How to complete this task
Keep to one stretch of the data below, the lines from the one with "2020年8月23日,贺贵成(左一)在羊湖电站参观发电机组" up to and including the one with "サンワダイレクト フットレスト デスク下", and return that stretch exactly.

Record extracts
══════

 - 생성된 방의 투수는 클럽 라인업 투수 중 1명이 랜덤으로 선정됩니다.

══════

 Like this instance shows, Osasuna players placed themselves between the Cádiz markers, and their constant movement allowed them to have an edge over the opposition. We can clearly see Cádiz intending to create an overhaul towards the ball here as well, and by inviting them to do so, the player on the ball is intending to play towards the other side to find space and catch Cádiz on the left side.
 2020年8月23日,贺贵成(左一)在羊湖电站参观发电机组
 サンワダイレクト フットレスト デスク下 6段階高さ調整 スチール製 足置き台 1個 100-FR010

══════

Solution below
 2020年8月23日,贺贵成(左一)在羊湖电站参观发电机组
 サンワダイレクト フットレスト デスク下 6段階高さ調整 スチール製 足置き台 1個 100-FR010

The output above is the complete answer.